I eventually excused myself. I gathered my things and walked to language class. I entered the classroom (40 minutes late now), sat down, and broke down into the tears I had been fighting back throughout breakfast. My family is so incredibly good to me, giving out of their limited means and far above and beyond their Peace Corps dictated obligations. I entered their home as a stranger, and they have loved me like their own family. I cannot even begin to express how special they are to me, how much I have learned from them, and how much the unconditional and seemingly limitless love they have shown me during my ten weeks with them has impacted my life. And what absolutely breaks my heart about leaving is not so much the thought of how much I will miss them, though that certainly weighs heavily upon my mind. But I've moved around all my life, I've left more people behind than I can possible count…perhaps sadly, I have gotten used to this drill. No, what really breaks my heart about leaving is knowing what a positive thing I've shared here with this family, realizing how much they love me, and seeing all too clearly how much I am hurting them in going away. I am starting to get sick and tired of leaving people.

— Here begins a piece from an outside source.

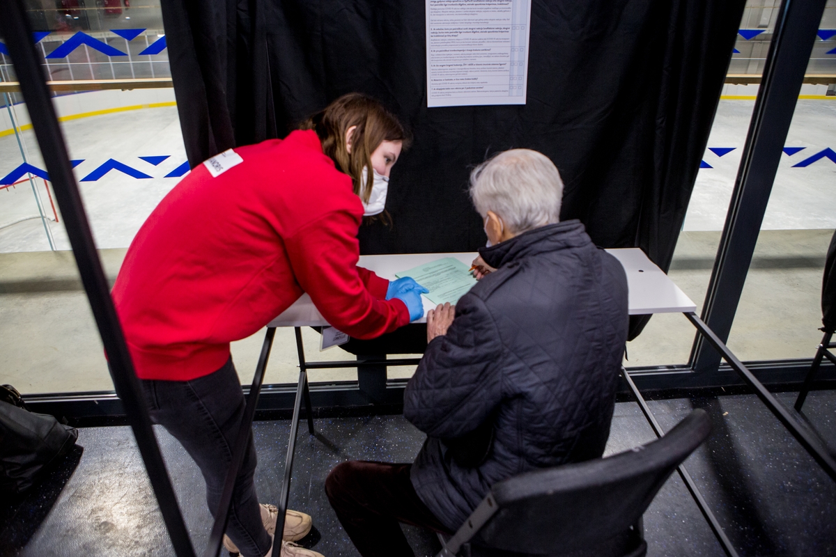 Raudonojo Kryžiaus ir kitų organizacijų savanoriai išgelbėjo ne tik COVID-19 reanimacijos, bet ir planinės pagalbos sistemos darbą. Be papildomų rankų nebūtų apsiėję ir vakcinavimo centrai. (Vilmanto Raupelio nuotr.)

Lately, too, I can't shake this nagging feeling that the best thing I will accomplish in my two years here, the most meaningful and lasting change, the most untaintedly good work, has already been done here, with this family, in relating with them and sharing life with them. At this point, I just can't imagine anything else I encounter, experience, or do during my service to be as profoundly beautiful as the relationship we've built together over these ten weeks of training. On the one hand, what a testament this feeling is to the value of my time here and the good that has already come from this incredible journey. On the other hand, it is at the very least a peculiar way to be entering into two years of Peace Corps service, thinking it possible that the best has already come and gone.